2.  Patients and methods

2.1.  Patients

 From June 1998 to December 2012, 31 eyes from 27 patients with TMD underwent peripheral DALK surgery in the cornea clinic at the Sir Run Run Shaw Hospital, School of Medicine, Zhejiang University, Hangzhou, China. The diagnosis of TMD was made on the basis of typical peripheral corneal thinning, opacification, vascularization, and lipid deposition. Indications for surgery included peripheral corneal perforation, Descemet’s membrane bulging, or thickness at the thinnest point no more than one quarter of the normal corneal thickness with corneal ectasia. Signs of ocular surface hyperaemia were eliminated with eyedrops before surgery for patients with inflammatory type TMD. Patients receiving postoperative follow-up of fewer than six months were excluded.

2.2.  Surgical methods

 All surgery was performed by the same surgeon (YFY). If the lesion progressed circumferentially and the inner edge was in the peripheral section without involving the pupil area, ring-shaped DALK was selected; if the lesion progressed both circumferentially and centrally and the inner edge was close to or involving the pupil area, D-shaped DALK was selected.

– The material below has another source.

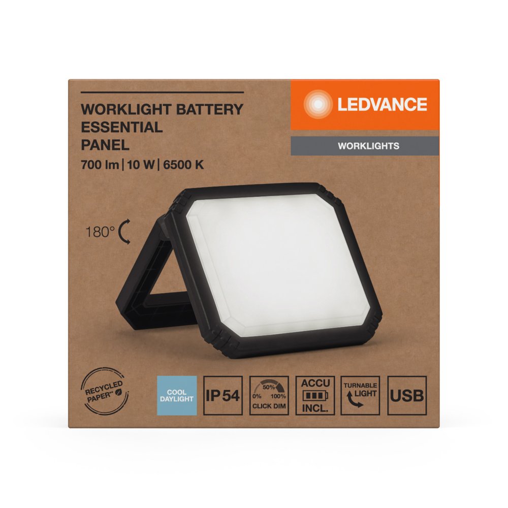 ESSENTIALS WORKLIGHT BATTERY Panel 10W 865 Black
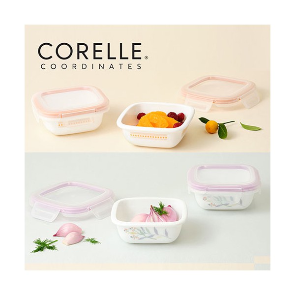 코렐_코디네이츠 밀크글라스 밀폐용기 정사각 2종 (산호세/자카드밴드)

 All surgery was performed while the patient was under general anesthesia. After the upper and lower rectus muscles were fixed, the conjunctiva adjacent to the diseased cornea was cut in a way to save limbal stem cells at the conjunctival edge. Next, the conjunctiva was retracted from the limbus and the subconjunctival tissue was excised to expose the bare sclera. For ring-shaped DALK, a trephine was used to mark the inner edge of the corneal lesion, with an inner diameter 0.5 mm smaller than the lipid edge to ensure that the entire degenerative cornea was involved. A diamond knife was then employed to deepen the trephine groove. The outer edge was 0.5 mm larger than the thinned corneal limbus and was marked by a freehand incision using a diamond knife parallel to the clear arc of the limbus. Two ends of the ring were outlined by a freehand incision (Figs. 1a and 1b). For D-shaped DALK, the inner edge was defined as the line incised freehand between the two points on either side of the lesion, and the outer edge was also marked parallel to the arc of the limbus (Figs. 1c and 1d). Following the outline, the stroma, including lipid deposition, was removed almost to the level of Descemet’s membrane. If there was a large perforation, a postoperative shallow anterior chamber may occur. Iridectomy was performed to prevent postoperative papillary block and secondary glaucoma. After iridectomy was finished, the lamellar dissection was continued.



Fig.1
Dimensions of the corneoscleral bed and graft
(a) If the lesion was in the peripheral part and partially involved the perimeter, a partial ring-shaped DALK was chosen. (b) If the lesion was in the peripheral part and involved the entire perimeter, a complete ring-shaped DALK was chosen. (c) If the inner edge of the lesion was close to the pupil area, a small D-shaped DALK was chosen and sutures did not cross the pupil. (d) If the inner edge of the lesion involved the pupil area, a large D-shaped DALK was chosen and the sutures did not cross the pupil

 All corneal donor tissue was stored at −20 °C. Routinely, we perform FBDLK or penetrating keratoplasty (PK) with a trephine of 7.25 to 8.25 mm in diameter, and for these cases the retained peripheral corneoscleral rims were also stored at −20 °C. If we performed ring-shaped DALK, the donor graft was obtained from the peripheral corneoscleral rim. Before surgery, the lesion was measured and the matched cryopreserved donor corneoscleral rim with the same inner diameter was selected. During surgery, the outer edge and the two ends of the graft were further trimmed to match the bed. If we performed D-shaped DALK, the cryopreserved whole eyeball was prepared. During surgery, the edge was incised using a diamond knife, implementing the same method as when the bed was marked. Next, the full-thickness graft was reduced in size using scissors. After the epithelium and endothelium were wiped away, the full-thickness graft was sutured in place with interrupted and tight sutures, using 10-0 nylon for compressive sutures.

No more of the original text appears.